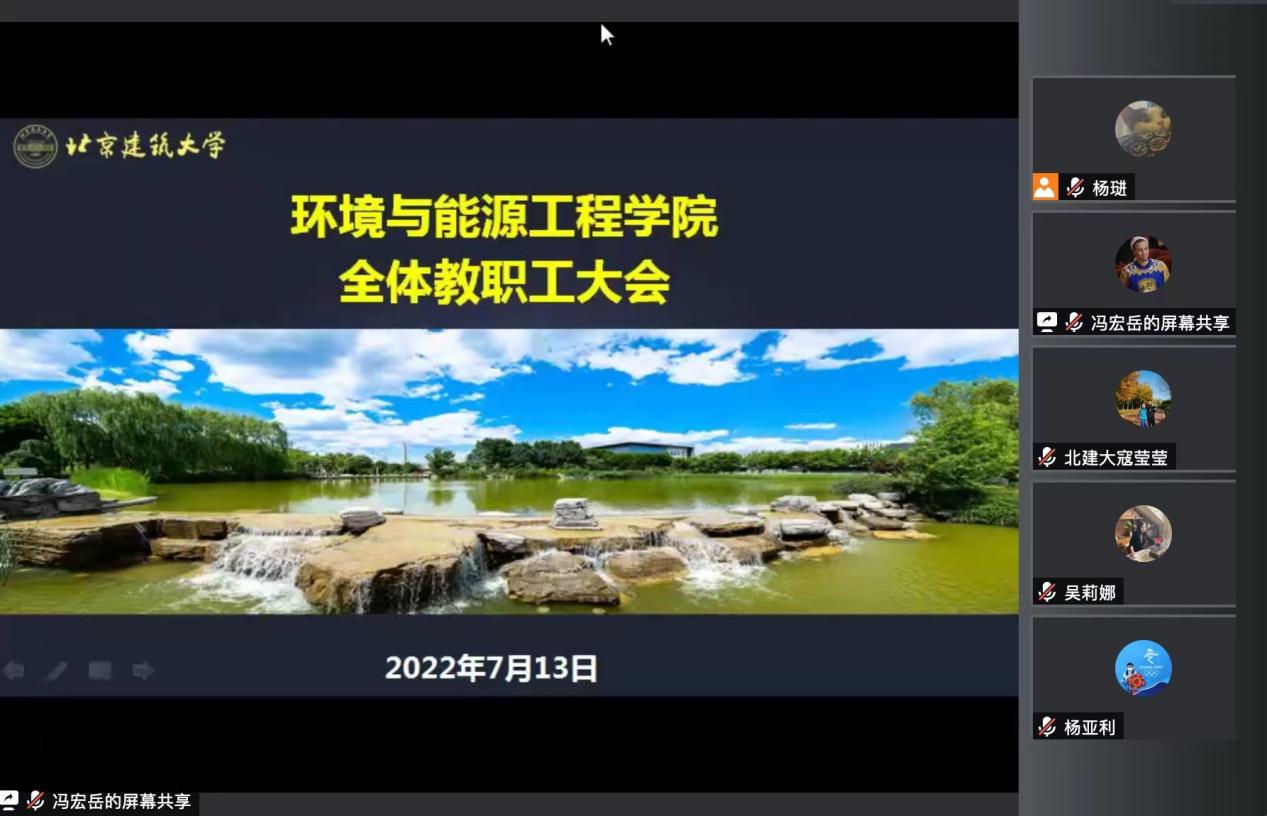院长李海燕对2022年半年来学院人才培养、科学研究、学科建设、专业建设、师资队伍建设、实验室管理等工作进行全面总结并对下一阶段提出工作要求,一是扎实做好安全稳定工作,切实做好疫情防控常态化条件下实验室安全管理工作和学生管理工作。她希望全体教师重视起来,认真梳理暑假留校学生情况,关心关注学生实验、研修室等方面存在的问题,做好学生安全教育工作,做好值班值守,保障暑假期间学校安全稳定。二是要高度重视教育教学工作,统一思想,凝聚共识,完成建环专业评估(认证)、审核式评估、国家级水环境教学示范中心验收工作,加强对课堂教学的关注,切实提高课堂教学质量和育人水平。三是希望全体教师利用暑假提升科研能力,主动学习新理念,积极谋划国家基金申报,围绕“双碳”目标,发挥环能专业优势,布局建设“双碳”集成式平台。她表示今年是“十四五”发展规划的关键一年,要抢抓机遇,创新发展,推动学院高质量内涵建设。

- - - - -

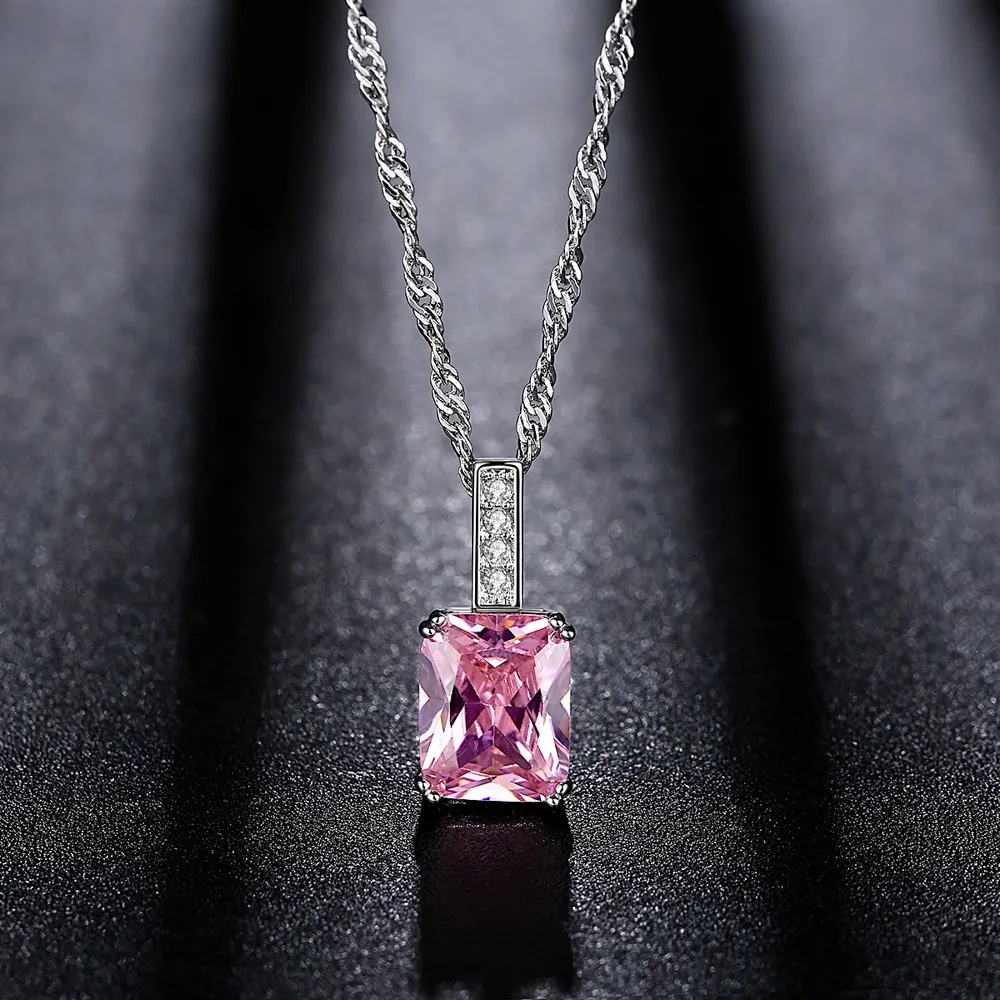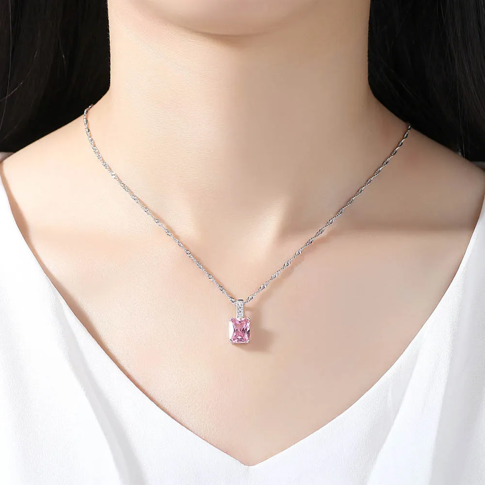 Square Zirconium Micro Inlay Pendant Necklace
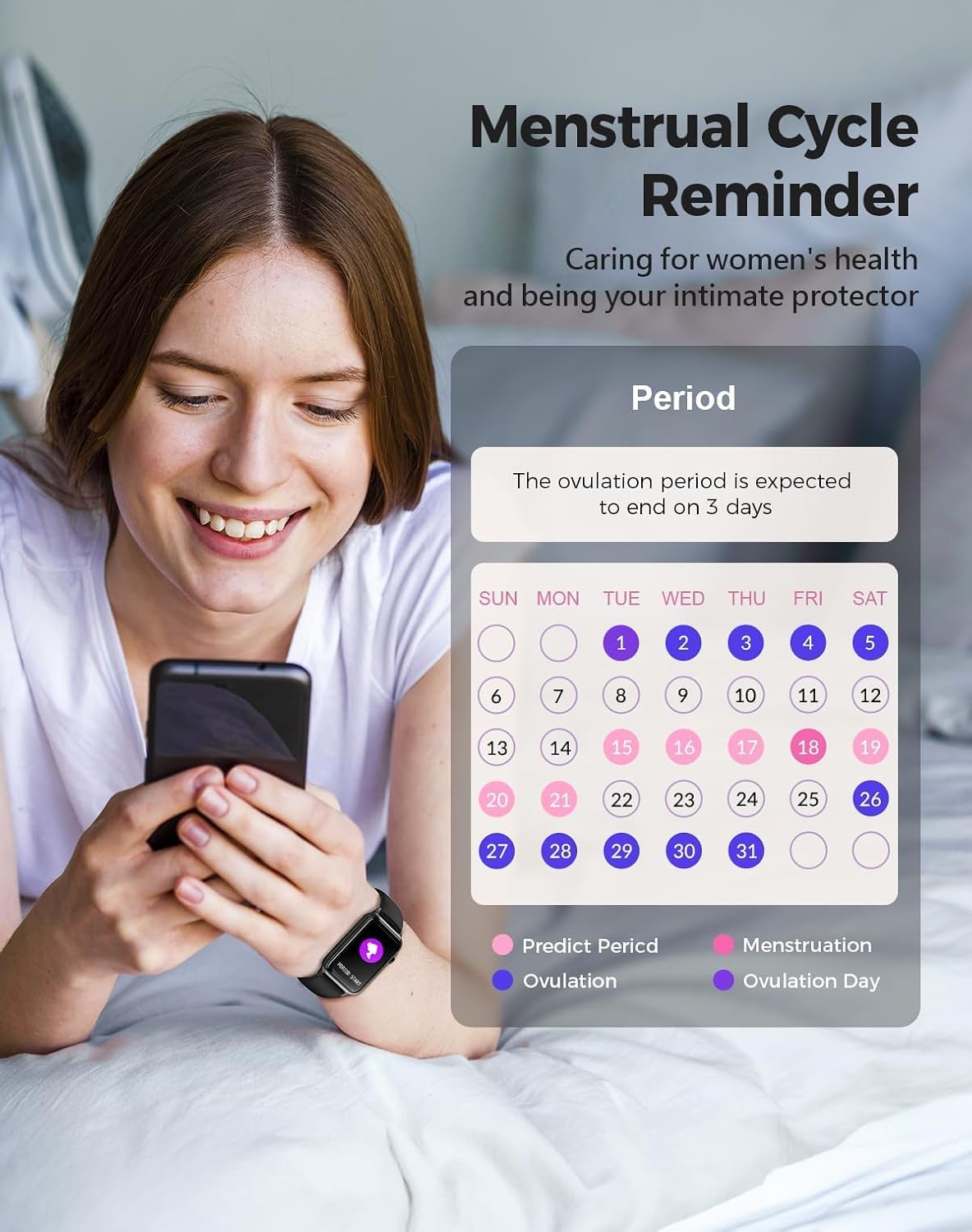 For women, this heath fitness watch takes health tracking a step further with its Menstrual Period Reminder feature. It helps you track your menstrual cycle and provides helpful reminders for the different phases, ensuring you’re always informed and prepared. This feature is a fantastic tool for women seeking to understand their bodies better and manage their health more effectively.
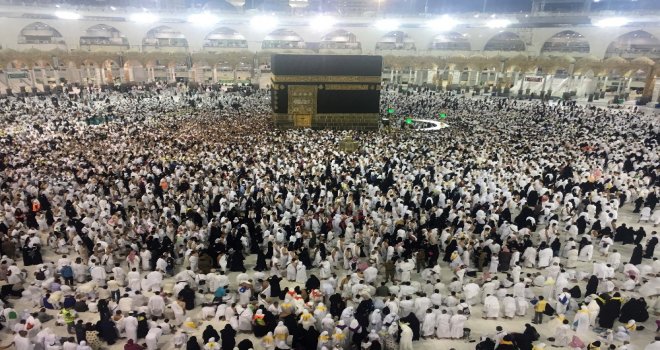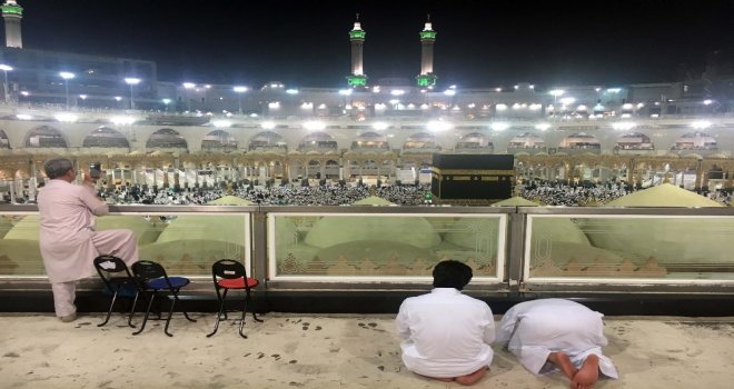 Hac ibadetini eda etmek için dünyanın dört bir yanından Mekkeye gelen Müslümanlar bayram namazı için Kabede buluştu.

- - - - -

*Action item:*
In the listing above, find the line containing "Square Zirconium Micro" and the line containing "Hac ibadetini eda". Print those two lines and every line between them exactly, with no pictures.

*Result of this task:*
 Square Zirconium Micro Inlay Pendant Necklace
 For women, this heath fitness watch takes health tracking a step further with its Menstrual Period Reminder feature. It helps you track your menstrual cycle and provides helpful reminders for the different phases, ensuring you’re always informed and prepared. This feature is a fantastic tool for women seeking to understand their bodies better and manage their health more effectively.
 Hac ibadetini eda etmek için dünyanın dört bir yanından Mekkeye gelen Müslümanlar bayram namazı için Kabede buluştu.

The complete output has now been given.